With the images removed, return every line below exactly as it reads.

- RECORDED INFORMATION:
Segment Open
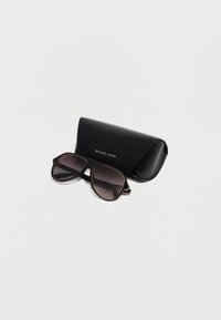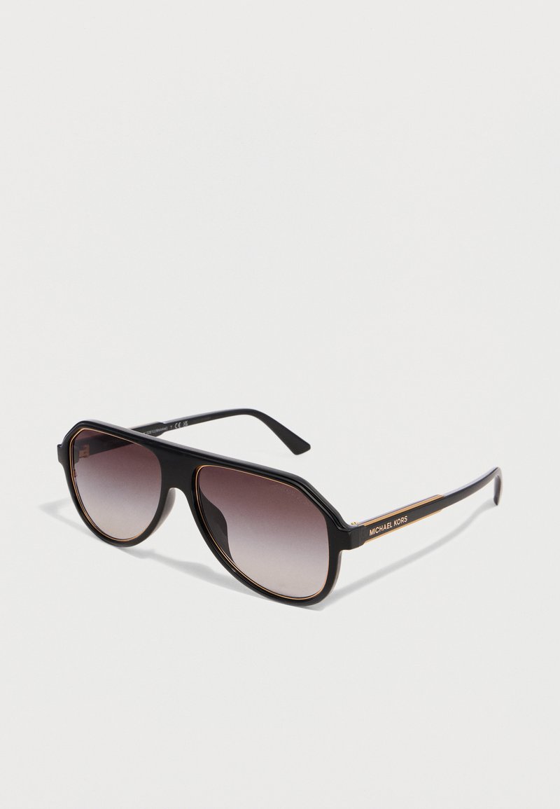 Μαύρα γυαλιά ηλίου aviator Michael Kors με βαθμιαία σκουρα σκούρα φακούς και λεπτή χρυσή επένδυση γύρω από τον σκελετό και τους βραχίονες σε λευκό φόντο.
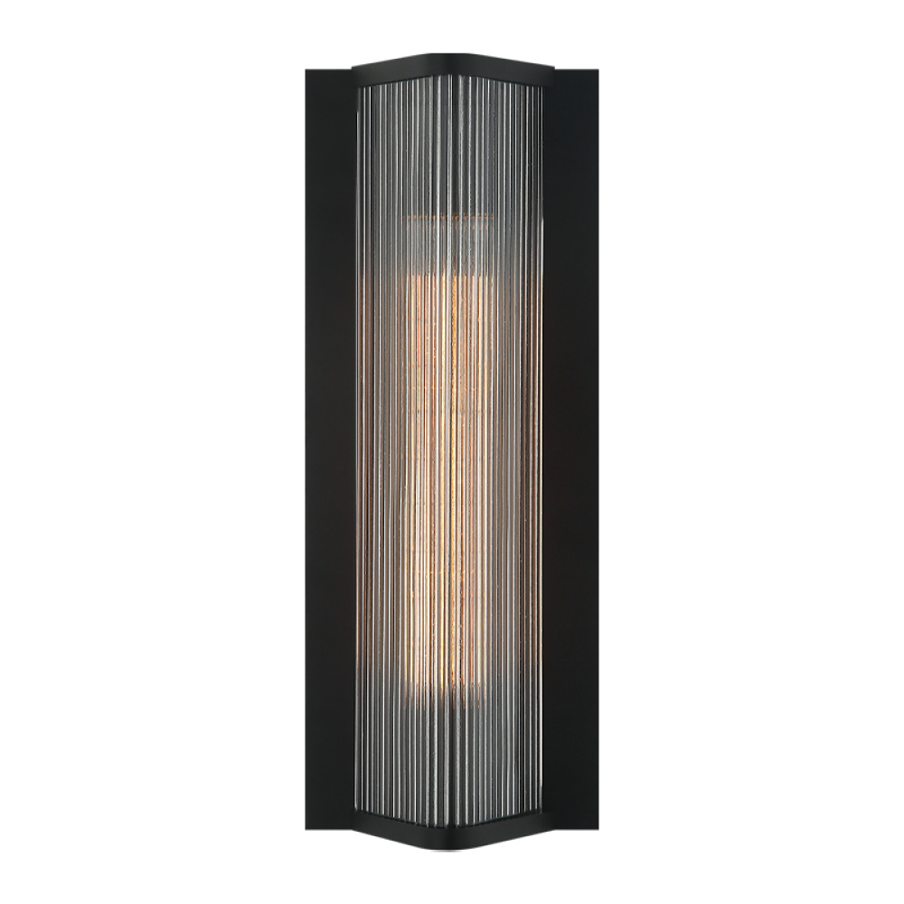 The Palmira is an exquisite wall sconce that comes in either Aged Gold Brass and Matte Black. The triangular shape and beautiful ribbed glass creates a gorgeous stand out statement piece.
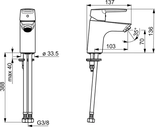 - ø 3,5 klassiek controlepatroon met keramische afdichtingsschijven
Segment Closed
- OUTPUT OF THE TASK:
 Μαύρα γυαλιά ηλίου aviator Michael Kors με βαθμιαία σκουρα σκούρα φακούς και λεπτή χρυσή επένδυση γύρω από τον σκελετό και τους βραχίονες σε λευκό φόντο.
 The Palmira is an exquisite wall sconce that comes in either Aged Gold Brass and Matte Black. The triangular shape and beautiful ribbed glass creates a gorgeous stand out statement piece.
 - ø 3,5 klassiek controlepatroon met keramische afdichtingsschijven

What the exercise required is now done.